### [What the task requires]
What you return should be only the lines in the entries below between the one holding "Deze eigendom combineert" and the one holding "廣東省2017年危廢產(chǎn)量同比增31%至232萬噸", ends included, with every picture left out.

START Data listing

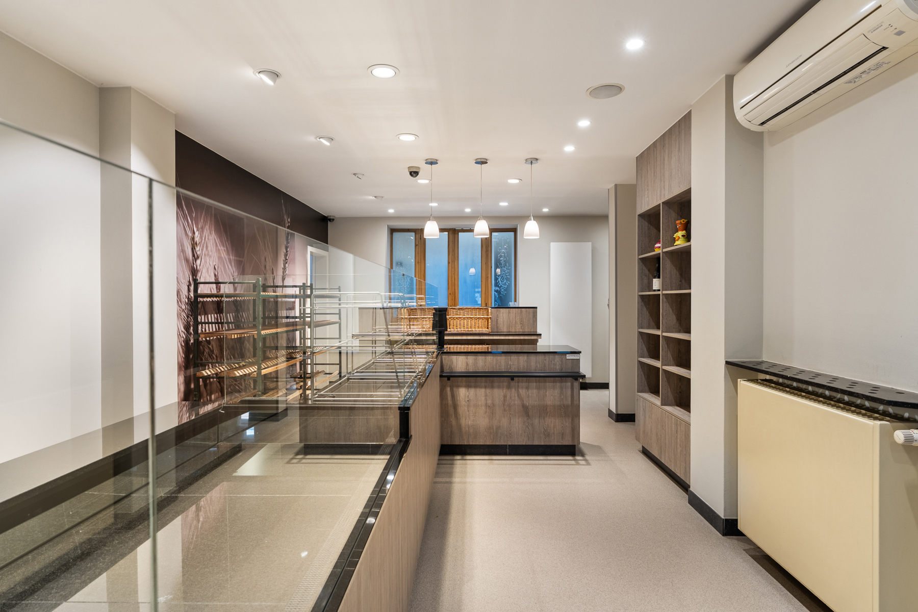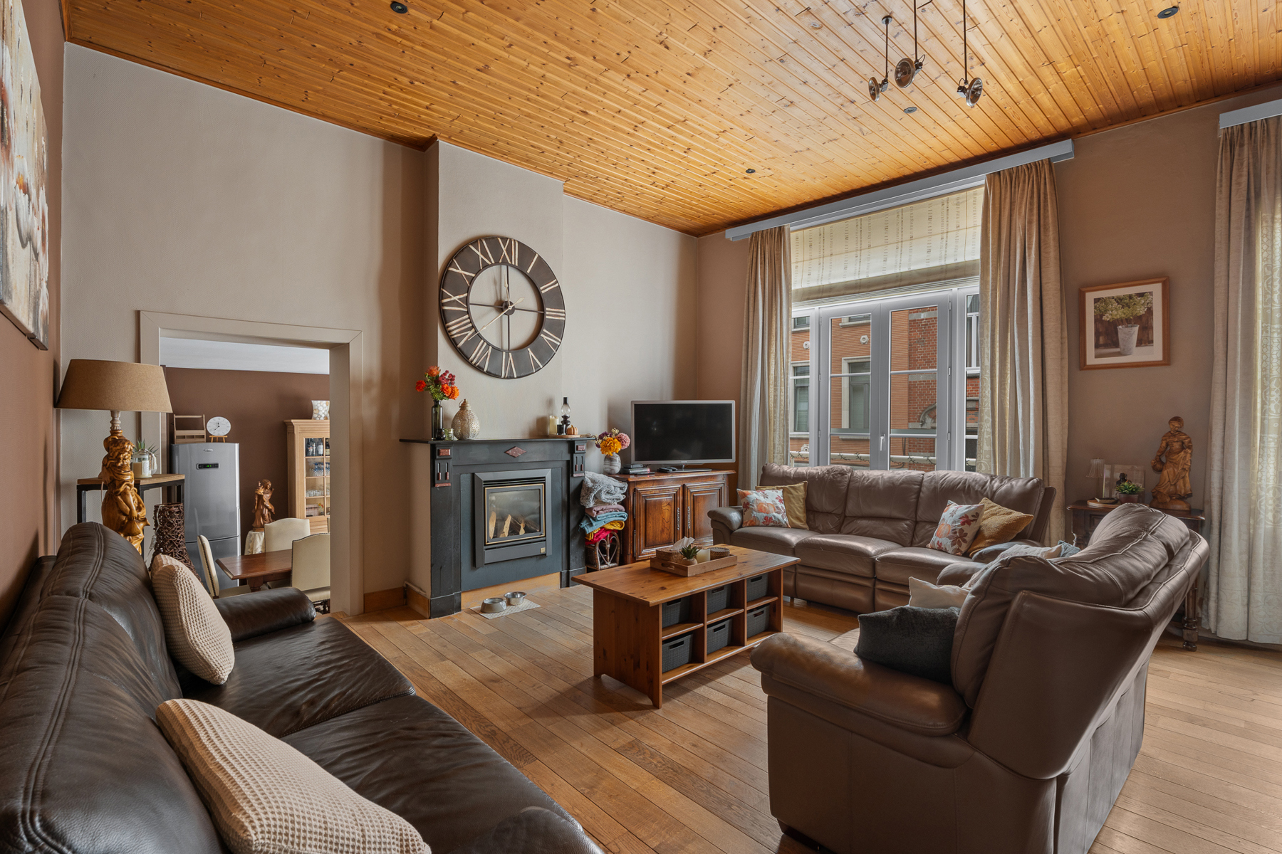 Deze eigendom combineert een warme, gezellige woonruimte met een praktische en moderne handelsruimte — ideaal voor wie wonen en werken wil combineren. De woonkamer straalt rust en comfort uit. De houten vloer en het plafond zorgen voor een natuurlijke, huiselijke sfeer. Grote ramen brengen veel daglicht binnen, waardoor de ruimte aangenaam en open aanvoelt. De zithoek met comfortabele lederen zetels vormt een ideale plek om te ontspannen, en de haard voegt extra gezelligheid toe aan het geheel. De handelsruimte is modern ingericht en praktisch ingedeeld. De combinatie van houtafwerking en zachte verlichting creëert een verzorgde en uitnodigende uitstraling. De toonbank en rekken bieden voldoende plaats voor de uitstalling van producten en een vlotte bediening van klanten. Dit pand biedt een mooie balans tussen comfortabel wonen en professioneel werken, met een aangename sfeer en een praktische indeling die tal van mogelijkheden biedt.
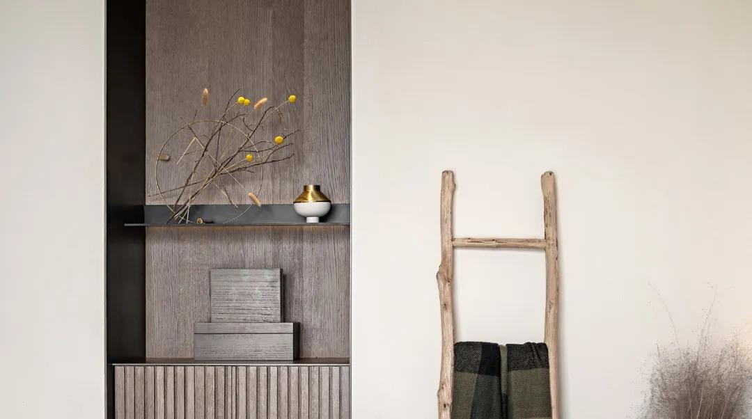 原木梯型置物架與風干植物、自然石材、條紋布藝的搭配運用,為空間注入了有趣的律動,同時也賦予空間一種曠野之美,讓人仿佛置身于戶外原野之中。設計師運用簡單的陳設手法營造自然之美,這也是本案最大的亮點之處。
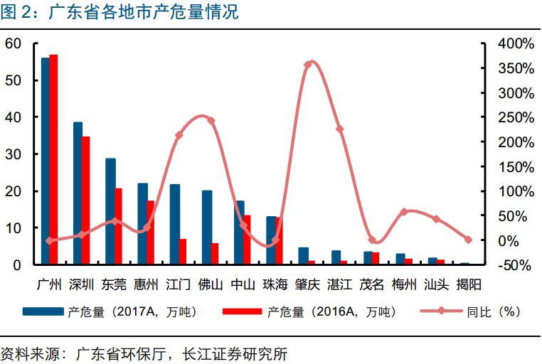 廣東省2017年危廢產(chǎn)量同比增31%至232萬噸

END Data listing
START Data listing

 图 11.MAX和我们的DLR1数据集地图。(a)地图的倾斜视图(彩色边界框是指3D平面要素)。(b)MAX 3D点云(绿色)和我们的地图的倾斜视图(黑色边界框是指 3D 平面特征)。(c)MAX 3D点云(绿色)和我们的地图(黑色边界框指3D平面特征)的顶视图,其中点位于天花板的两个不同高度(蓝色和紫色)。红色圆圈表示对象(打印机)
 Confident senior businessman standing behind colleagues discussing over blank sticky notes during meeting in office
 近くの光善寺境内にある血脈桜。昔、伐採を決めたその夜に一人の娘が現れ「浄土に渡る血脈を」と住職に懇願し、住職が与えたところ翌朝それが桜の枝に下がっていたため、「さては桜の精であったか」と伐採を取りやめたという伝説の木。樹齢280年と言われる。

END Data listing

### [Response to the exercise]
 Deze eigendom combineert een warme, gezellige woonruimte met een praktische en moderne handelsruimte — ideaal voor wie wonen en werken wil combineren. De woonkamer straalt rust en comfort uit. De houten vloer en het plafond zorgen voor een natuurlijke, huiselijke sfeer. Grote ramen brengen veel daglicht binnen, waardoor de ruimte aangenaam en open aanvoelt. De zithoek met comfortabele lederen zetels vormt een ideale plek om te ontspannen, en de haard voegt extra gezelligheid toe aan het geheel. De handelsruimte is modern ingericht en praktisch ingedeeld. De combinatie van houtafwerking en zachte verlichting creëert een verzorgde en uitnodigende uitstraling. De toonbank en rekken bieden voldoende plaats voor de uitstalling van producten en een vlotte bediening van klanten. Dit pand biedt een mooie balans tussen comfortabel wonen en professioneel werken, met een aangename sfeer en een praktische indeling die tal van mogelijkheden biedt.
 原木梯型置物架與風干植物、自然石材、條紋布藝的搭配運用,為空間注入了有趣的律動,同時也賦予空間一種曠野之美,讓人仿佛置身于戶外原野之中。設計師運用簡單的陳設手法營造自然之美,這也是本案最大的亮點之處。
 廣東省2017年危廢產(chǎn)量同比增31%至232萬噸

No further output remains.